# Exercise requirements
When you return the lines below, go from the first through the line with "인더뉴스 박호식 기자ㅣ한양증권(대표이사", keep them exact, and leave out every picture.

# The data
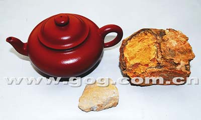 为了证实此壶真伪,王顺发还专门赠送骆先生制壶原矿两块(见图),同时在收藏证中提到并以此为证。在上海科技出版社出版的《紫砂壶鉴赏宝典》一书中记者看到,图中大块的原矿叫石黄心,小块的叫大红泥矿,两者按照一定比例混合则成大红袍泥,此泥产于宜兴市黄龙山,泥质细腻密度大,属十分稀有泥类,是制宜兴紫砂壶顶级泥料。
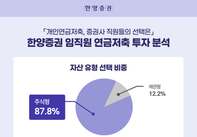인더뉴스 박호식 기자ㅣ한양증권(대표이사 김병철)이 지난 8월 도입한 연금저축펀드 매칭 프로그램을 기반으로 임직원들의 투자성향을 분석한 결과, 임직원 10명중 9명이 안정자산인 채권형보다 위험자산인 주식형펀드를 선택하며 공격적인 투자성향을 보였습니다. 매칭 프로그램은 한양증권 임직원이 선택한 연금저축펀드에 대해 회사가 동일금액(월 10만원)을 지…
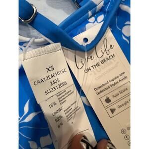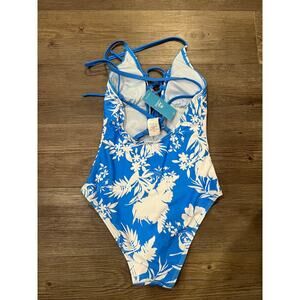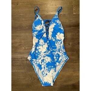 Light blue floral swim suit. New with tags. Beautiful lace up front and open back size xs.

# Written answer
 为了证实此壶真伪,王顺发还专门赠送骆先生制壶原矿两块(见图),同时在收藏证中提到并以此为证。在上海科技出版社出版的《紫砂壶鉴赏宝典》一书中记者看到,图中大块的原矿叫石黄心,小块的叫大红泥矿,两者按照一定比例混合则成大红袍泥,此泥产于宜兴市黄龙山,泥质细腻密度大,属十分稀有泥类,是制宜兴紫砂壶顶级泥料。
인더뉴스 박호식 기자ㅣ한양증권(대표이사 김병철)이 지난 8월 도입한 연금저축펀드 매칭 프로그램을 기반으로 임직원들의 투자성향을 분석한 결과, 임직원 10명중 9명이 안정자산인 채권형보다 위험자산인 주식형펀드를 선택하며 공격적인 투자성향을 보였습니다. 매칭 프로그램은 한양증권 임직원이 선택한 연금저축펀드에 대해 회사가 동일금액(월 10만원)을 지…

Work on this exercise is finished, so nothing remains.